*Description of the task*: Where a picture occurs in the data, omit it, and copy all remaining data exactly.

*Stored data*:
[Start of Attachment]

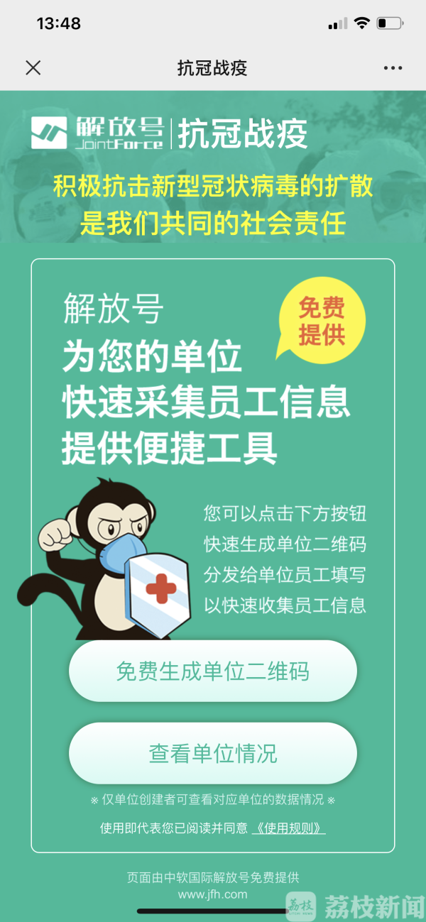 春节假期加班加点,通过紧急设计、开发、调试,首款“神兵计划”微信小程序“抗冠战疫”已正式上线,可以帮助企业快速收集员工健康信息,以解决企业层层收集员工信息的繁琐,将面向所有企业免费开放至疫情结束,目前已有400多家单位在使用。
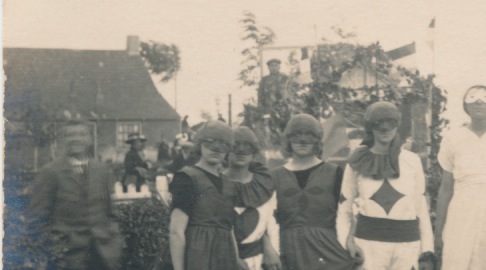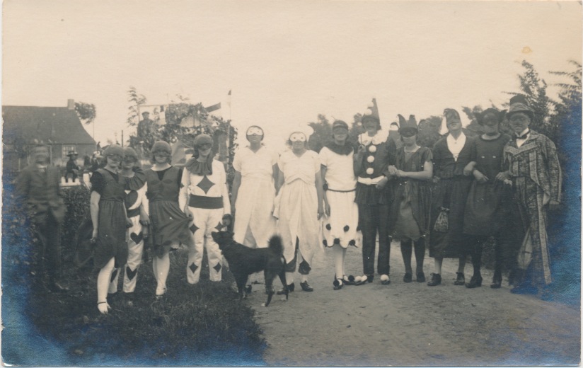 4219g verkleed feestgezelschap op weg JB - retour
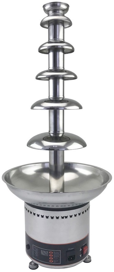 Шоколадный фонтан Kocateq DHC6FDC предназначен для нагрева шоколада и поддержания в горячем состоянии на предприятиях общественного питания, торговли и пищевых производствах. Модель оснащена электронным управлением, термостатом, кнопкой вкл/выкл и регулируемыми ножками. Материал корпуса, шнека и уровней - высококачественная нержавеющая сталь AISI 304.
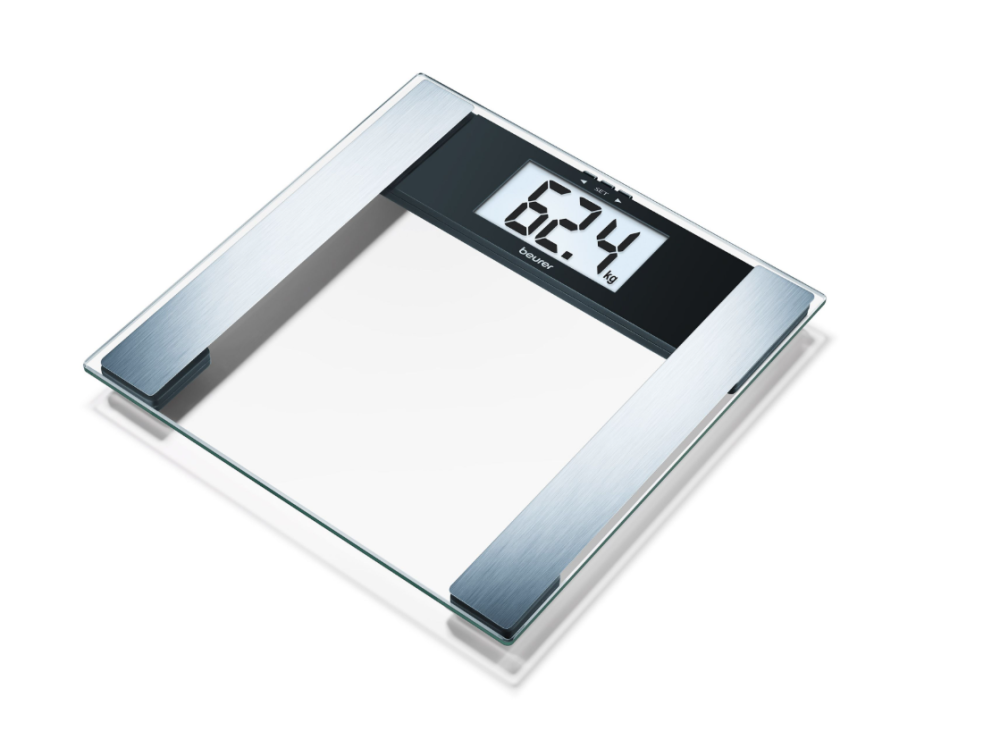 تعرّف على وزن الجسم والنسبة المئوية للدهون والماء والعضل في الجسم باستخدام ميزان الجسم التشخيصي بويرر BG 17. يحتوي الميزان على منصة زجاجية وشاشة إل سي دي كبيرة جدًا وسهلة القراءة.

[End of Attachment]

*Solution to this task*:
 春节假期加班加点,通过紧急设计、开发、调试,首款“神兵计划”微信小程序“抗冠战疫”已正式上线,可以帮助企业快速收集员工健康信息,以解决企业层层收集员工信息的繁琐,将面向所有企业免费开放至疫情结束,目前已有400多家单位在使用。
 4219g verkleed feestgezelschap op weg JB - retour
 Шоколадный фонтан Kocateq DHC6FDC предназначен для нагрева шоколада и поддержания в горячем состоянии на предприятиях общественного питания, торговли и пищевых производствах. Модель оснащена электронным управлением, термостатом, кнопкой вкл/выкл и регулируемыми ножками. Материал корпуса, шнека и уровней - высококачественная нержавеющая сталь AISI 304.
 تعرّف على وزن الجسم والنسبة المئوية للدهون والماء والعضل في الجسم باستخدام ميزان الجسم التشخيصي بويرر BG 17. يحتوي الميزان على منصة زجاجية وشاشة إل سي دي كبيرة جدًا وسهلة القراءة.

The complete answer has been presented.